Family Inning: The Clinton Train Tunnel

May 27, 2015 — The occasional plunk of water dropping from the ceiling of the dark tunnel startled me every time into looking over my shoulder. The weak light of my flashlight app gave monstrous form to the shapes inside instead of dispelling them. The squeaks of the bats in the crevices above proclaimed in bat-code the upside-down horrors they had witnessed. So when my daughter screamed, “She doesn’t have a head!” I very well might have jumped. I’ll admit to nothing legally binding, though.

We had already walked the full 1,100-foot-length of the old train tunnel and had almost completed the return trip. That’s always when the worst stuff happens in the movies. When you’re almost safe.

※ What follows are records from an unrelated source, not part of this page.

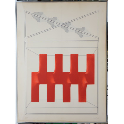 "Composizione", litografia (cm 80x60) firmata e numerata 40/120 in basso a sinistra (difetti)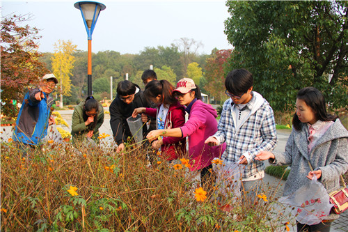 收集菊花和格桑花的种子其实并不是一件困难的事,加上下午的阳光非常好,金色的阳光洒在一片金黄的菊花丛中,是给予秋后最温暖的景色。大队一行人在菊花地中穿行,闻着淡淡菊花香气,一路说说笑笑.反而觉得收集种子是一件十分有趣的事情。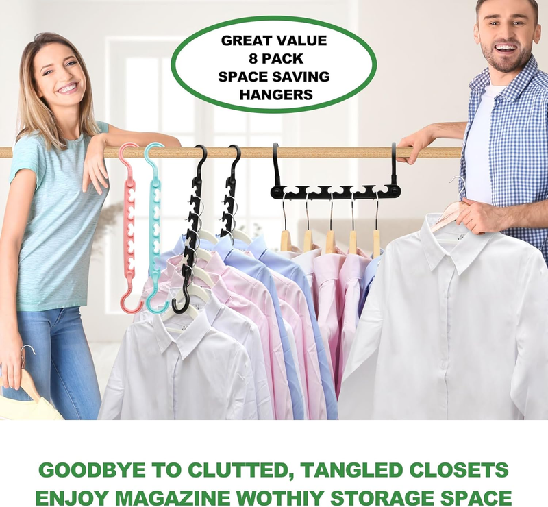 Great Value 8 Pack Colorful Magic Space Saving Closet Hangers - Your Home Essentials, Apartment Essentials, and Dorm Room Essentials for College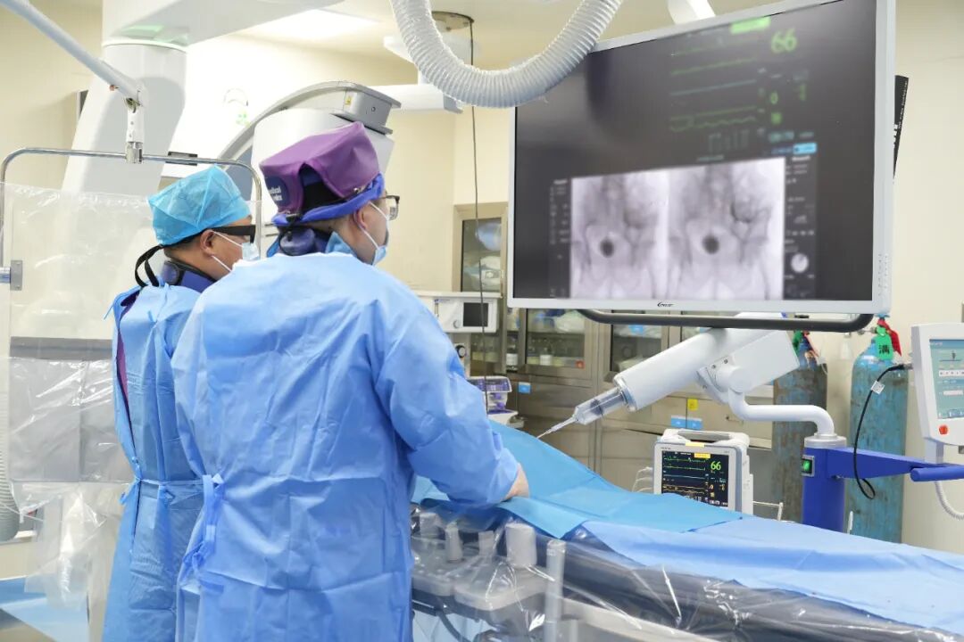 关键时刻,介入血管科主任黄迁祥提出了一个创新性的解决方案——实施前列腺动脉栓塞术(PAE)。黄迁祥介绍,该技术无需开刀,仅通过穿刺股动脉的微小创口即可完成手术,具有创伤小、麻醉风险低、恢复快的显著优势。更重要的是,能有效保护功能,极大降低了传统手术可能引发的尿失禁、勃起功能障碍等风险。在与患者及家属进行详细沟通,充分告知手术原理和预期效果后,该方案得到了一致认可。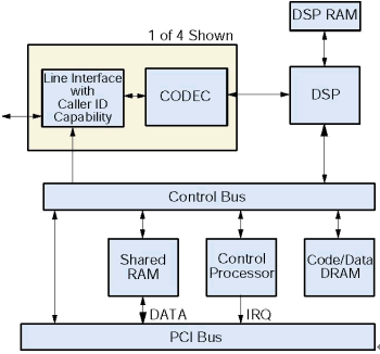 一個板卡上的微處理器控制D/4PCIU和D/4PCIUF通過一個本地總線控制板卡所有操作,它從主機截獲和執(zhí)行命令。這個微處理器處理實時的事件,管理和主機交互的數(shù)據(jù)流,提高系統(tǒng)的反應時間,減少主機處理的需求,傳遞給應用程序之前處理DTMF和電話信令,把DSP解脫出來專門做信令處理。這個微處理器和主機的通信是通過一個共享RAM,它作為一個輸入/輸出緩沖區(qū)增加的磁盤文件傳輸?shù)男省_@個RAM和主機的接口是PCI總線。為了滿足實時系統(tǒng)的要求,所有操作的是中斷驅(qū)動的。所有安裝在PC里面的D/4PCIUF板卡共享同一個中斷。在系統(tǒng)初始化的時候,固件從主機下載到板卡上的代碼/數(shù)據(jù)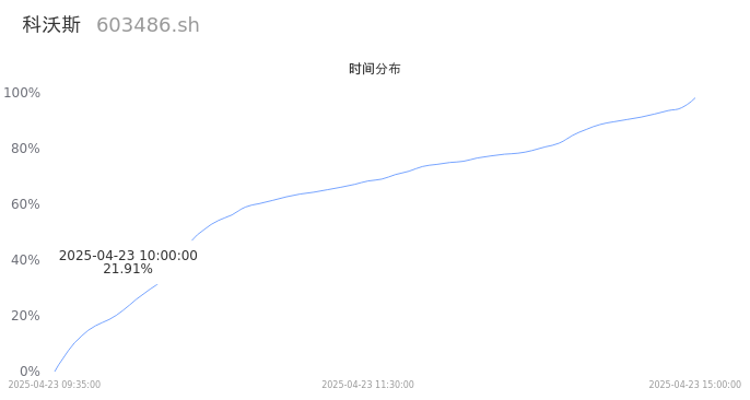 根据成交分布分析,该股票当天放量成交,成交清淡。时间上看,早盘前半小时成交量占据当天总成交量的21.91%;价格上看,成交呈现中间峰。成交分布分析主要研究股票成交的分布特性,不具有预测功能,请知悉。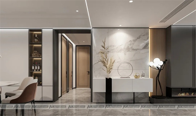 設計師巧妙的布置一組白色的玄關柜,擺上極具藝術感與美感的現代擺件作為裝飾,金銀交匯,空間精致感迎面而來,讓人迫不及待地想入室一探究竟!

But my kid wasn’t referring to any apparition. She was talking about her doll, one of those improbably popular Monster High joints. The doll was supposed to be the daughter of the Headless Horseman, so her head was intended to come off—just not in the muddy interior of a 100-year-old abandoned train tunnel. Even after explaining to her how Wednesday Addams liked her dolls and how cool she was, my daughter still didn’t budge. So off I went back into that black throat to find a little peach-colored piece of plastic.

We were in Clinton, Massachusetts, down the road from the Wachusett Dam. I’d heard that the train tunnel was easy to access, so I had brought my whole family: wife, five-year-old, and infant. It’s not the team you’re supposed to take into an abandoned, spooky place, but it’s my team.

An old stone trestle protruding blockily from the forest above Boylston Street/Route 62 marked the entry point. A thin trail that wended uphill beside it dropped us off at the west entrance of the tunnel, a few dozen feet from the road and about the same distance above it. The tunnel just sat there yawning in the forest, conveyor of nothing but rainwater and graffiti.

The tunnel was built in 1903 for the Central Massachusetts Railroad. It was meant to replace a section of line that had gone underwater with the creation of the Wachusett Reservoir. By the 1950s, the tunnel was abandoned and the tracks ripped up. The disembodied legs of the trestle continue across the Nashua River on the far side of the street.

We parked right below the trestle on the road’s thin shoulder. After taking some photos at the entrance, my five-year-old and I decided we wanted to walk the tunnel, while my wife took the baby back to the the shelter of the car. Too many mosquitoes is what she said. Creepy tunnel full of ax-murdering ghosts is what I heard.

The maw of the tunnel was lipsticked in graffiti, but surprisingly PG graffiti. Maybe even G. I’m not sure how the ratings board judges proclamations of love for Satan. At one point my daughter spotted a depiction of Bill Cipher, that yellow, all powerful, triangle-shaped character from the Disney Channel’s Gravity Falls. See? A totally family-friendly jaunt.

The floor of the tunnel was surprisingly smooth, but—even though we could see light at the other side of the tunnel—it felt like it was taking us a long time to get to the end. I’d turn around and the western opening loomed large and bright behind us, as if we hadn’t taken very many steps. Soon, despite the light at both ends, I had to turn on my flashlight app, illuminating the dark floor to avoid puddles or any mutated vagrants lying in wait in the dark.

About half way through, the even concrete walls and ceiling changed to rough rock, making the tunnel seem more like a cave. It’s said that in winter the walls are shimmery with ice. Now, they were just drippy. The water gathered at the base of the walls in muddy pools, hiding who knows what kind of pathogen-drenched detritus.

Finally, after long enough to get a few cautious texts from my wife (that for some reason shut off my flashlight app and thrust us into blank void), we made it to the other side, which was a soggy morass that I didn’t dare tread through. Outside we could see more of the forest and a road trestle running perpendicular to the tunnel. It was green and bright and felt cheery, but that was probably in contrast to the dank shadowland that we’d walked through to get there.

The trek back was easier as we’d sucked the unknown out of it, so we stopped at some point to play around and take some pictures of her toy. It was probably during this time that we dropped the doll head. I eventually found it, and we dodged the mosquitoes and the garter snakes outside to clamber back down to the car. The tunnel was only the first adventure on our itinerary that day, but I already knew we weren’t going to top it.

Here are the GPS coordinates if you ever want to do the same: 42.405239, -71.683823. I suggest leaving any dolls with removable heads at home.